My pal Future Boy sends word of a complete remix album he did of Out of It:

outofit_cover This is my take on the album Out Of It by Brad Sucks. These aren't so much remixes as they are what might have happened if Brad had approached me with his songs and asked me to produce his album. The vocal tracks are mostly intact and the song structures have not been messed with all that much. Nevertheless, these mixes are wildly different in character from the original tracks. The album was mastered by Ben Phenix.

So far I'm really enjoying it, the production is more experimental and makes the songs interesting to me again.

Happy everything

IMG_1519I'm not doing much of anything this holiday other than hanging with family plus getting nearly barfed on by the new puppy (who is still cute and still unnamed).

It's weird, I sort of have no idea what the new year will bring. I have no real live show right now, lots of music sitting around needing to be finished and a lot of fairly decent work to do. I guess I'll let the universe pull me wherever.

I'm happy with how my new record did in 2008 and all the cool people I got to meet. Thanks to everyone, hope you're all having a great end of the year.

Thoughts on redesign

I'm working on getting someone to redesign this website. It needs to be wider, more attractive, blah blah. I'm pretty happy with the general layout and usability, but it could use a little lipstick and an eyebrow wax at least. I spent some time going through all sorts of famous musician websites today. It's pretty amazing how most of them are super cluttered and do not have music sections.

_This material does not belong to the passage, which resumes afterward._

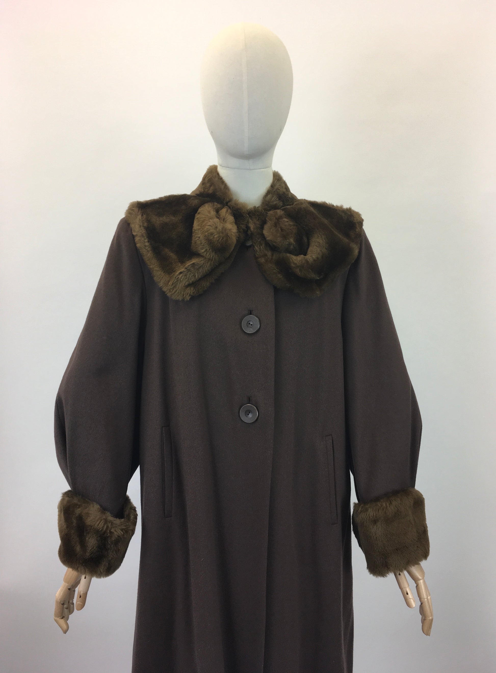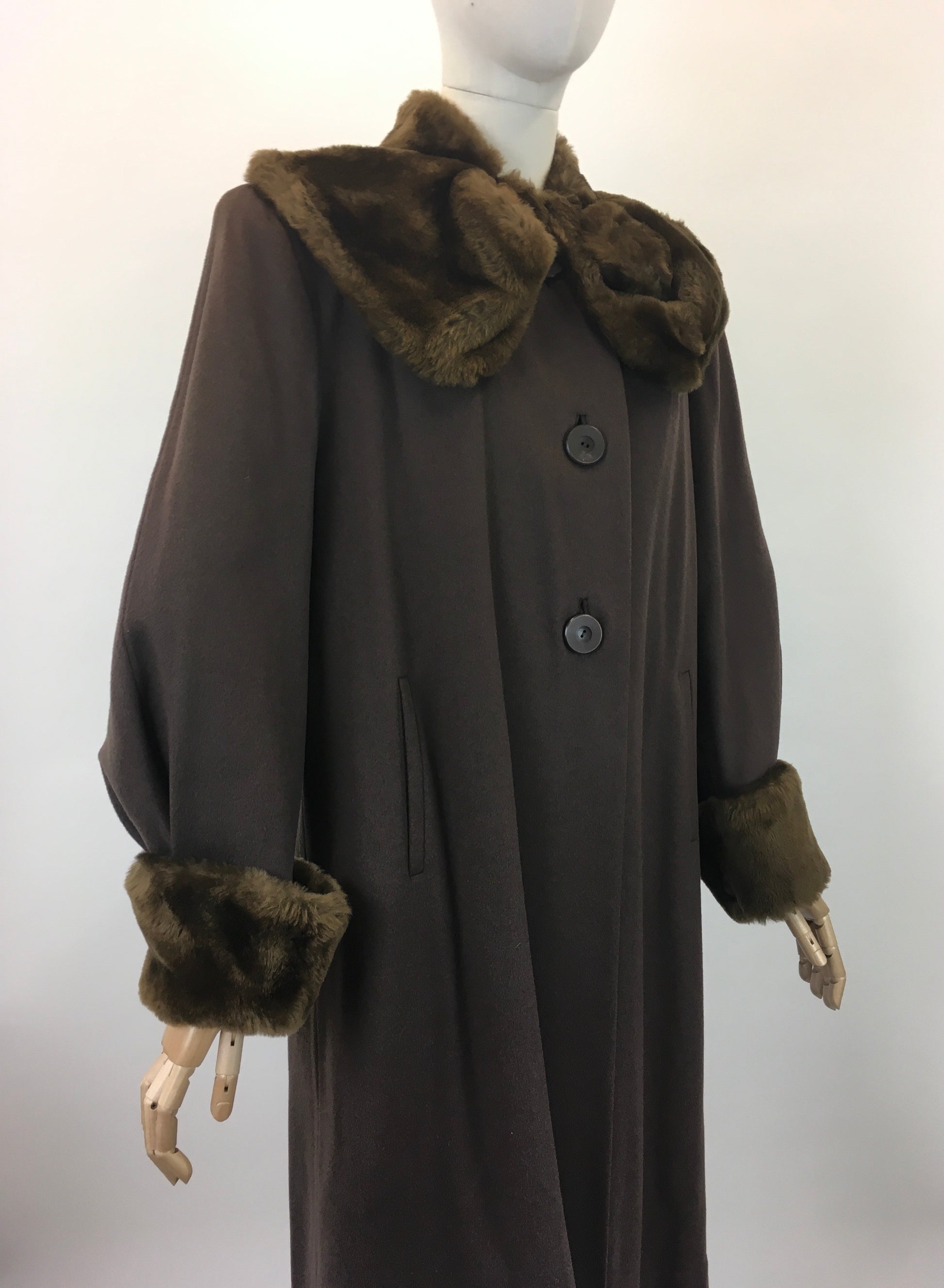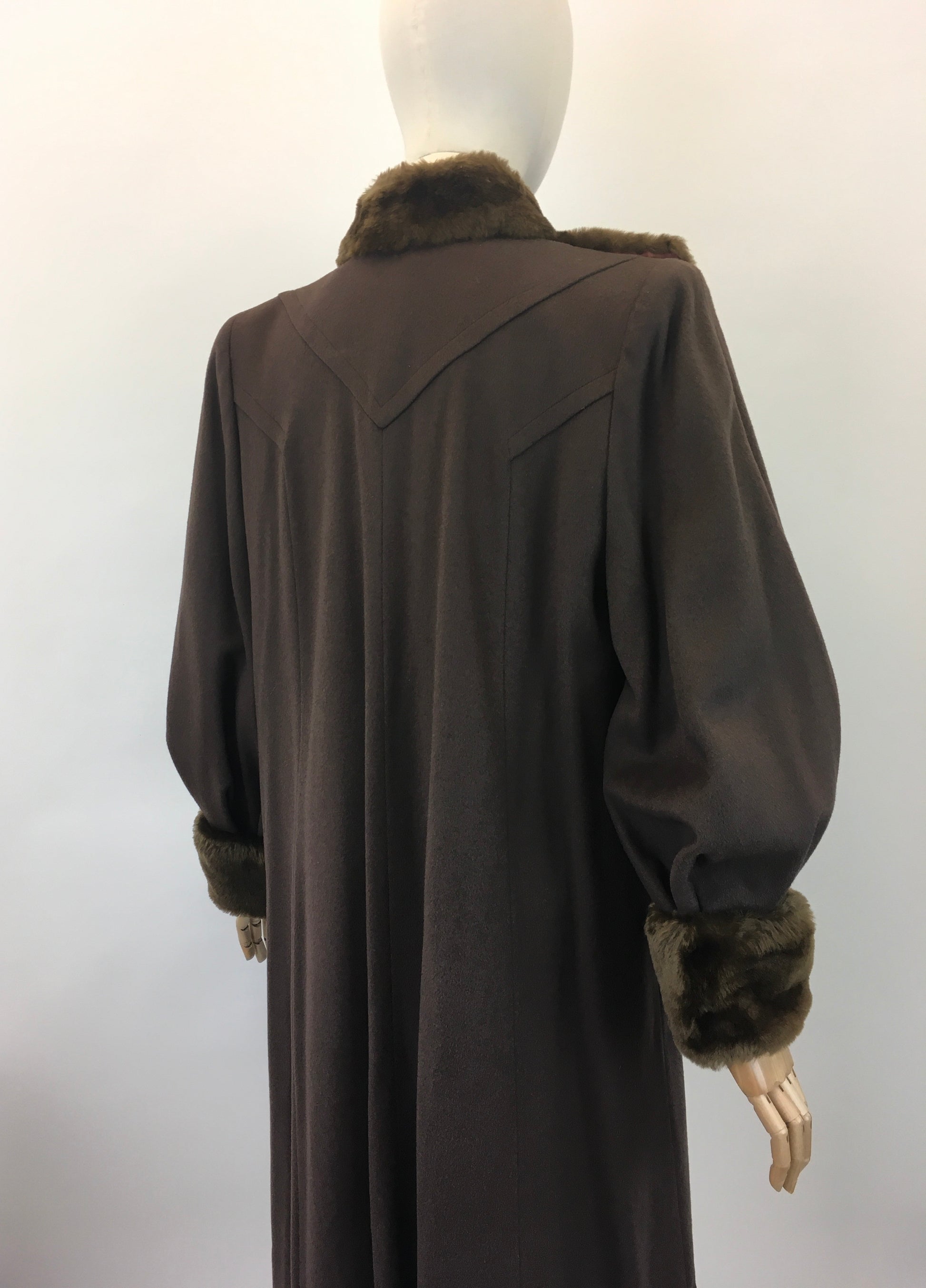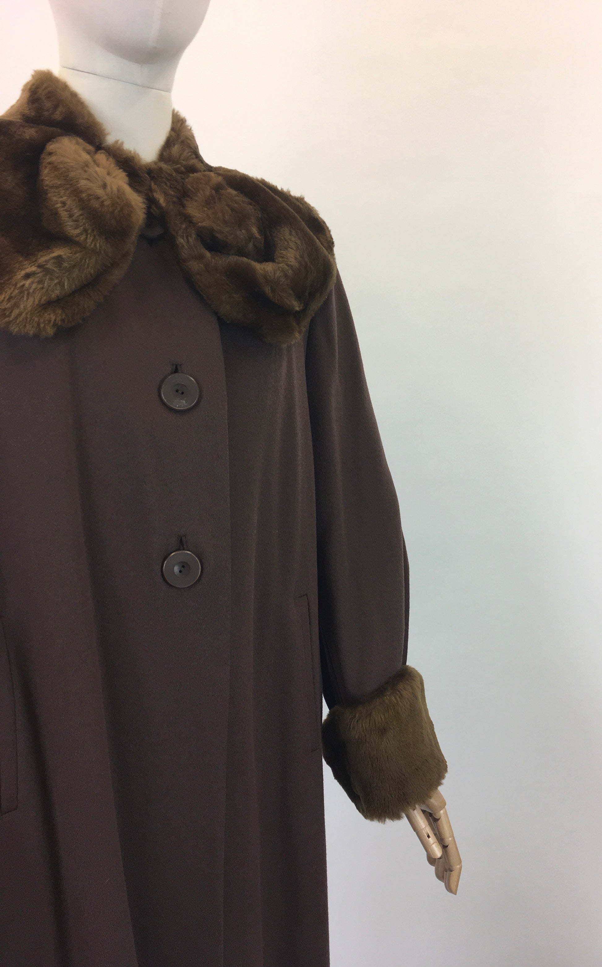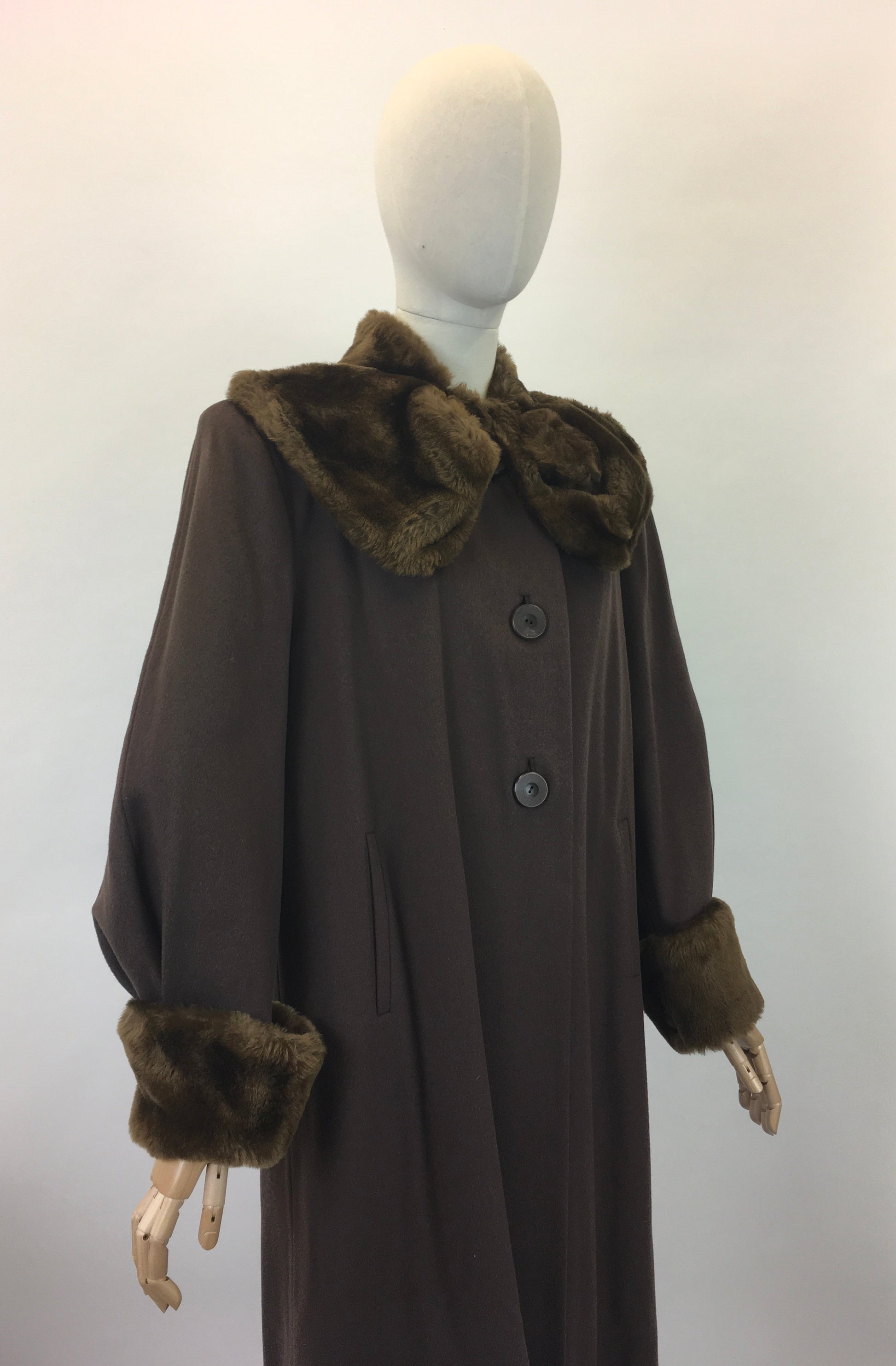 Vintage late 1930's early 1940's wool coat with fur trim details. This is a stunning example from the period and has the most iconic silhouette from the era. It is made from a divine brown heavy wool and is trimmed with a fur collar and cuffs. It has an exquisite balloon sleeve and has a fully quilted lining. It fastens to the front with 3 buttons and has a hook and eye clip to bring the collar together. It also has pockets. To the back the coat has exquisite yoke stitched detailing. This is a beautiful piece which looks equally as nice worn open draped over the top of suits or dresses.

I mean I get that not everyone wants to give all their music away, but jesus, throw a dog a bone. If I get more music going to your MySpace page than I do your official website, something's wrong.

Anyway, the most startling thing is that out of all the websites I visited, one of the best was Britney Spears':

britneyspearswebsite

What it's got going for it:

  • Simple design
  • It's not Flash
  • Straightforward navigation (home/blog/videos/music/photos/tour)
  • RSS feed
  • Hey, there's a music section! (though it's just music blog posts – cop-out)
  • Some actual content (from a team of Britney bloggers)
  • Britney's Twitter status up top

I can't say it's the greatest but compared to most musician websites it's amazingly restrained, simple and informative. Also it has inspired me to create a Brad Sucks fragrance.

What other musician websites are decent? Who should I steal from?

Band no more

Over the weekend I broke up with my band. It wasn't them, it was me. Thanks to Bruce and Matt for the awesome support and good times. I'm trying to figure out what's next and I'll probably be looking for ideas on here.

How does a “one man band” do a rocking live show that isn't boring as all hell?